What needs to be done: Set down the whole listing below exactly. The pictures stay out.

Information shown:
***
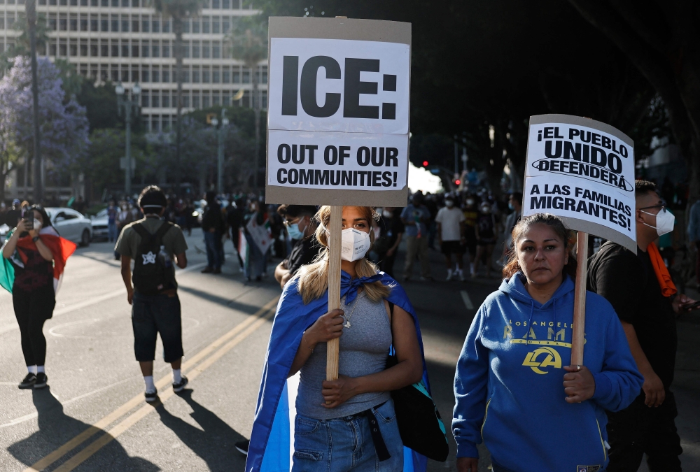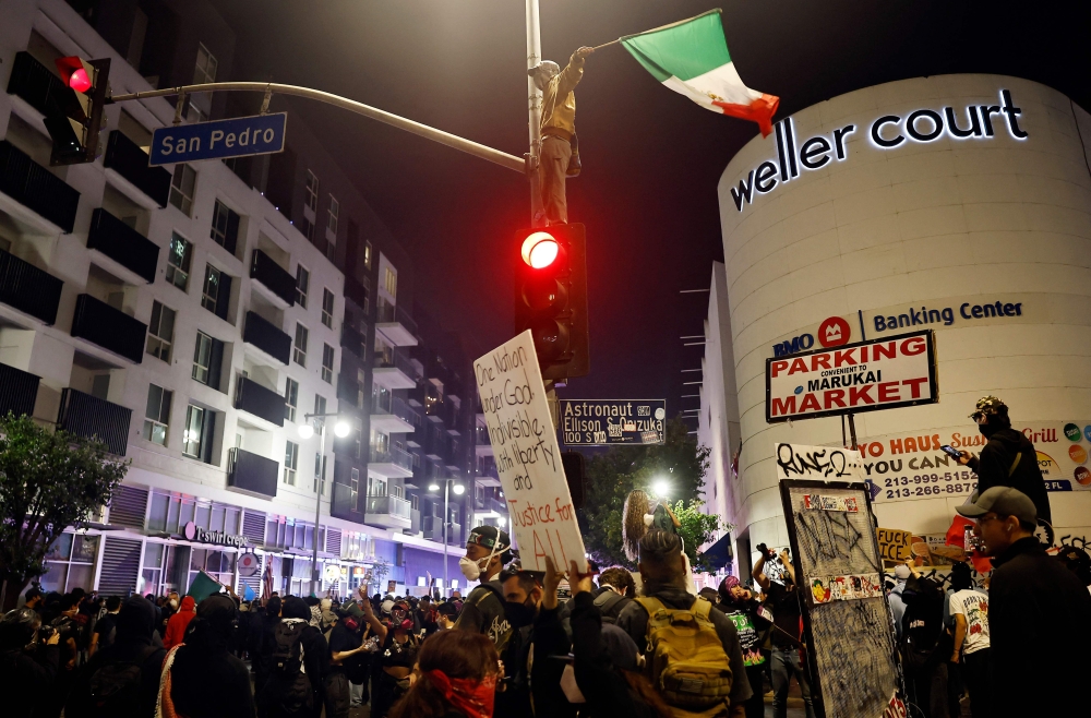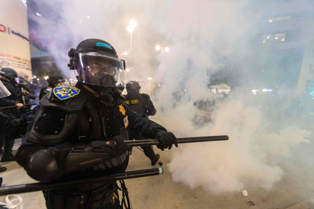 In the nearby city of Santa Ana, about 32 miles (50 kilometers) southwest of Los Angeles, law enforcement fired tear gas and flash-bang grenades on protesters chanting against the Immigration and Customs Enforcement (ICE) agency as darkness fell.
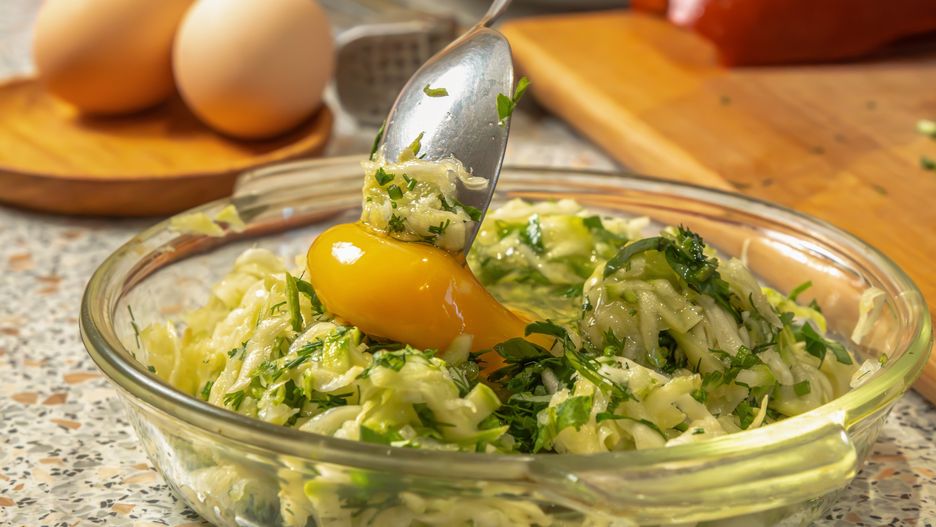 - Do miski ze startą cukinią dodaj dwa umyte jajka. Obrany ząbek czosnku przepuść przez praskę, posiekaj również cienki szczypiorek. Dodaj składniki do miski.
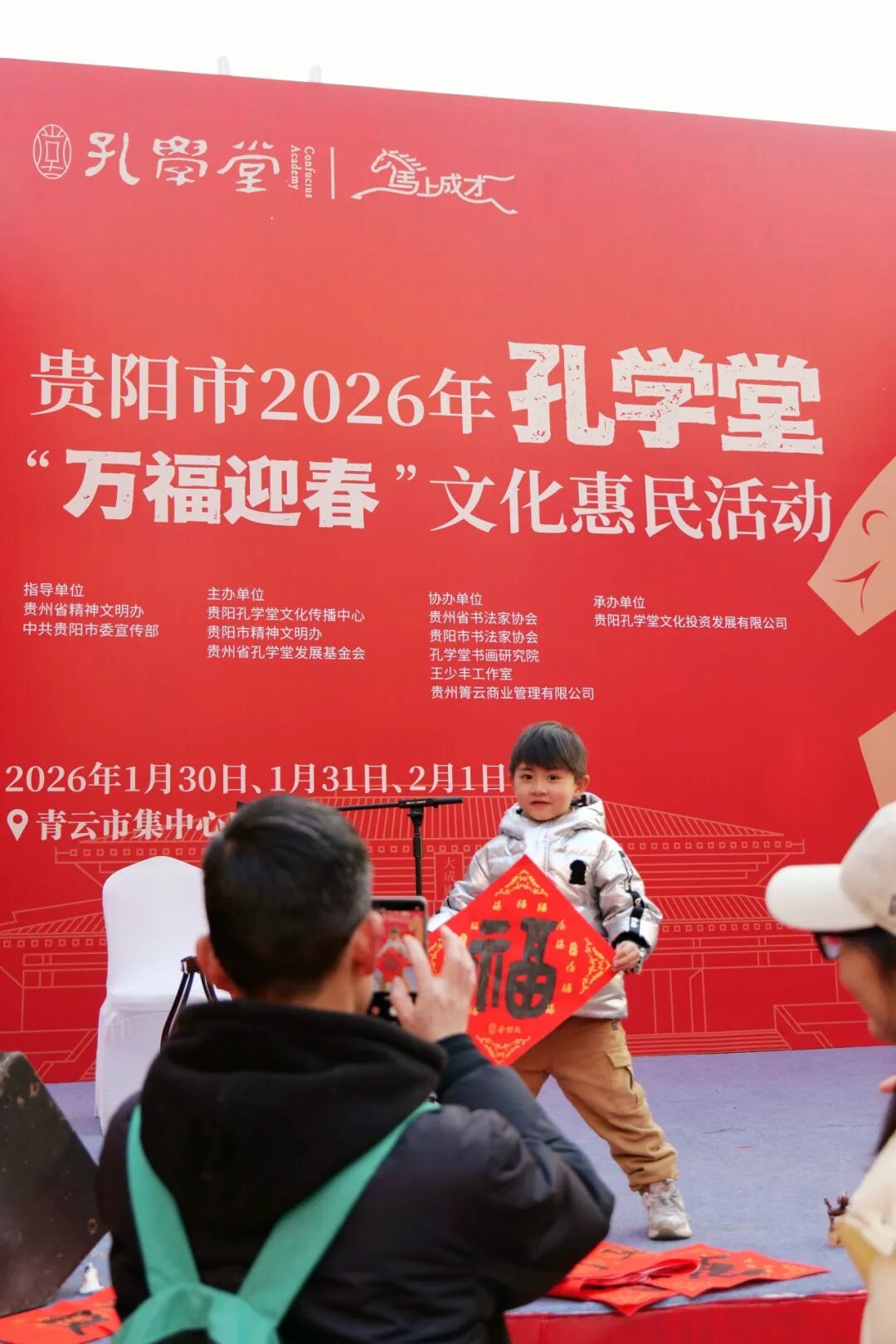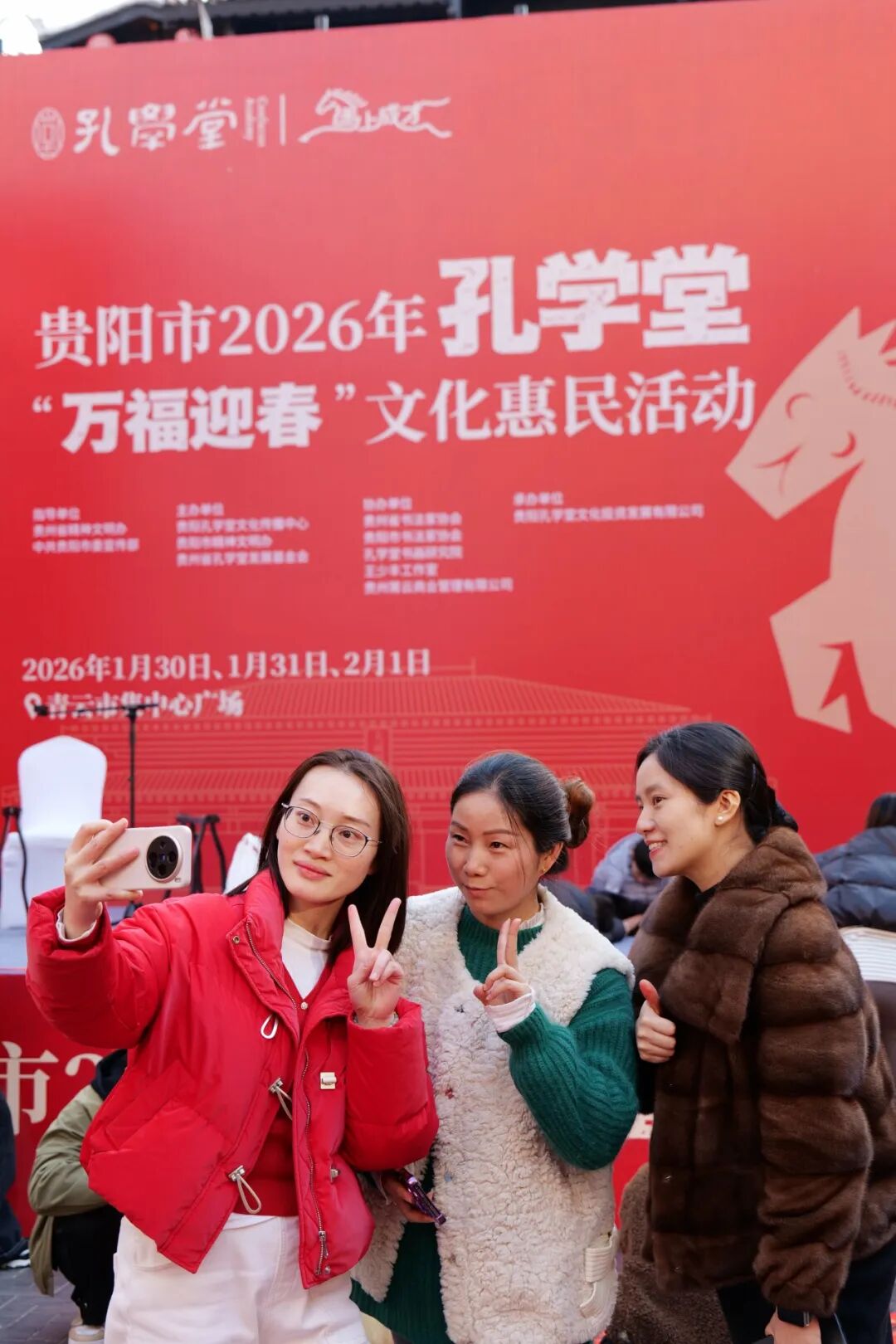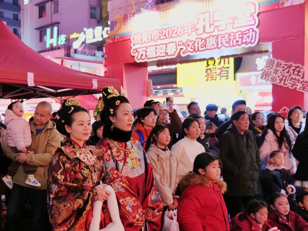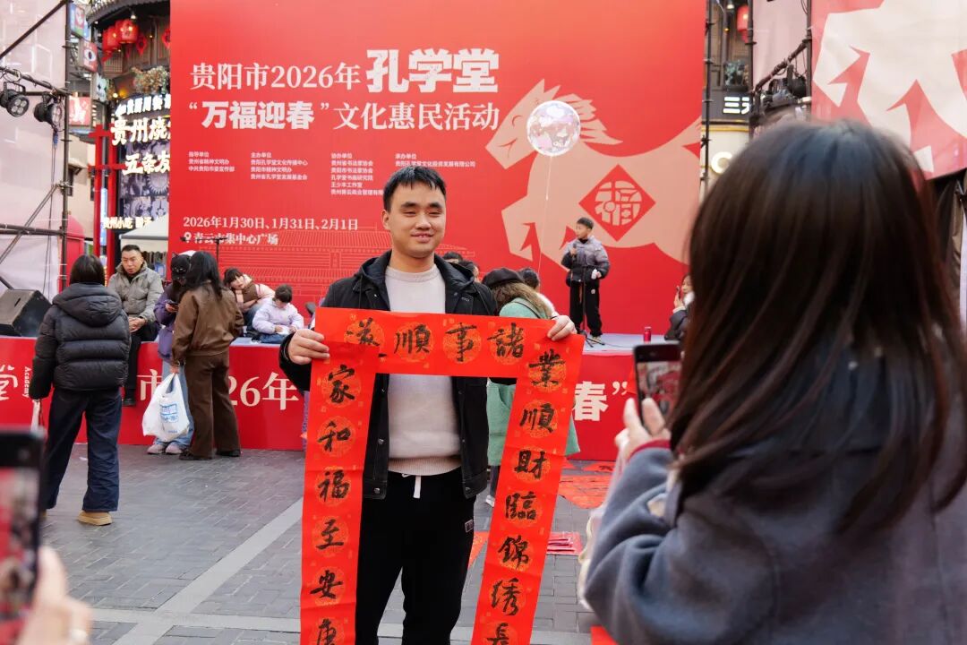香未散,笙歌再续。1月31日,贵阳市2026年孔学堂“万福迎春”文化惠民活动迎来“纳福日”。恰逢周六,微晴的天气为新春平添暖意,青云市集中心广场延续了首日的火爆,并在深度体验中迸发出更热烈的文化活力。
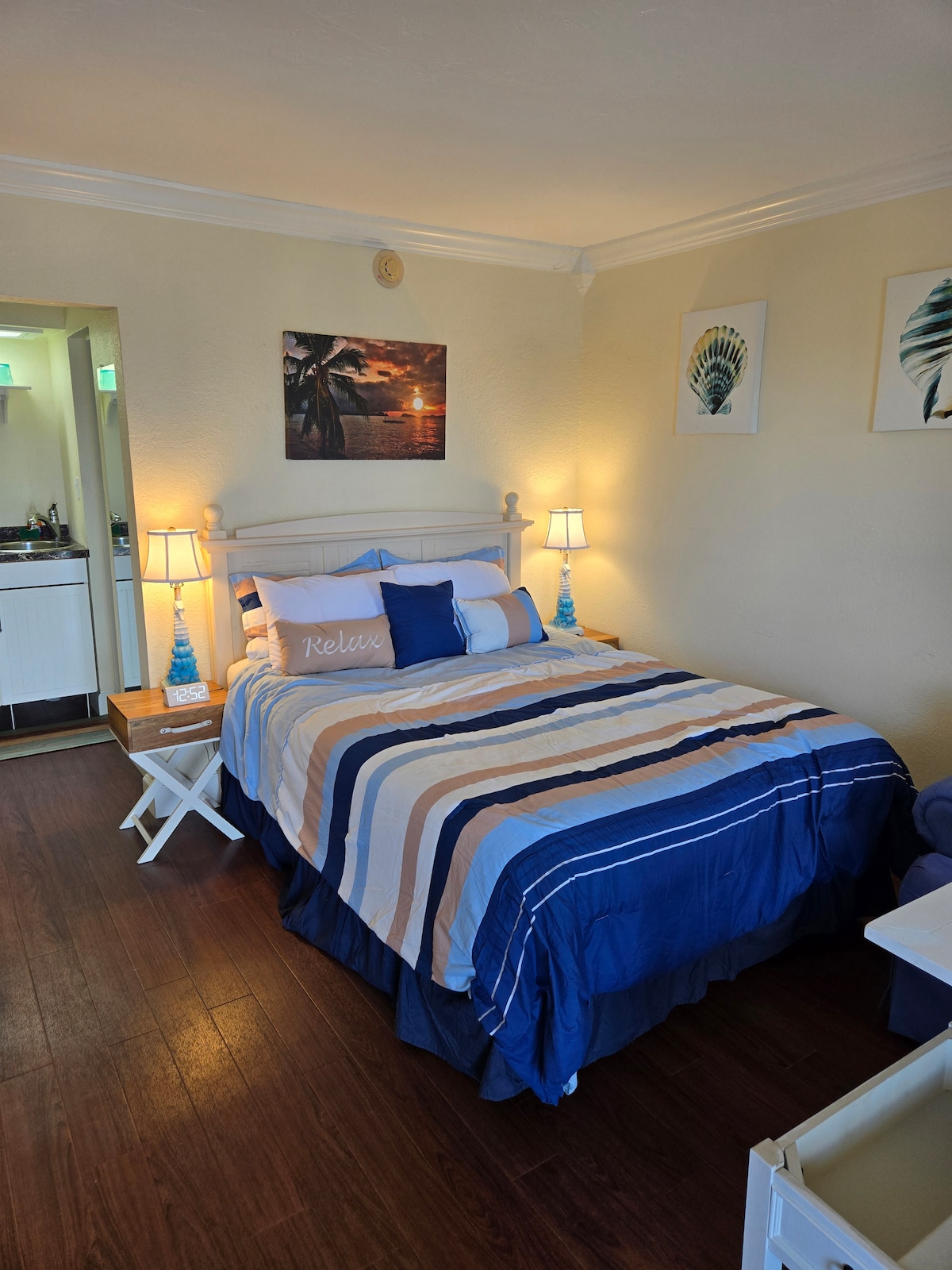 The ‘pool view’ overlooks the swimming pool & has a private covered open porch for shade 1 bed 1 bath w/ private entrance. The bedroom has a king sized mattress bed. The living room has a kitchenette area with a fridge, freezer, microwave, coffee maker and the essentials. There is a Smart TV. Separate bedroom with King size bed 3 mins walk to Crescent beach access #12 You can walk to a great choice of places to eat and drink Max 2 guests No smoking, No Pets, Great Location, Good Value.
***
Task response:
 In the nearby city of Santa Ana, about 32 miles (50 kilometers) southwest of Los Angeles, law enforcement fired tear gas and flash-bang grenades on protesters chanting against the Immigration and Customs Enforcement (ICE) agency as darkness fell.
 - Do miski ze startą cukinią dodaj dwa umyte jajka. Obrany ząbek czosnku przepuść przez praskę, posiekaj również cienki szczypiorek. Dodaj składniki do miski.
香未散,笙歌再续。1月31日,贵阳市2026年孔学堂“万福迎春”文化惠民活动迎来“纳福日”。恰逢周六,微晴的天气为新春平添暖意,青云市集中心广场延续了首日的火爆,并在深度体验中迸发出更热烈的文化活力。
 The ‘pool view’ overlooks the swimming pool & has a private covered open porch for shade 1 bed 1 bath w/ private entrance. The bedroom has a king sized mattress bed. The living room has a kitchenette area with a fridge, freezer, microwave, coffee maker and the essentials. There is a Smart TV. Separate bedroom with King size bed 3 mins walk to Crescent beach access #12 You can walk to a great choice of places to eat and drink Max 2 guests No smoking, No Pets, Great Location, Good Value.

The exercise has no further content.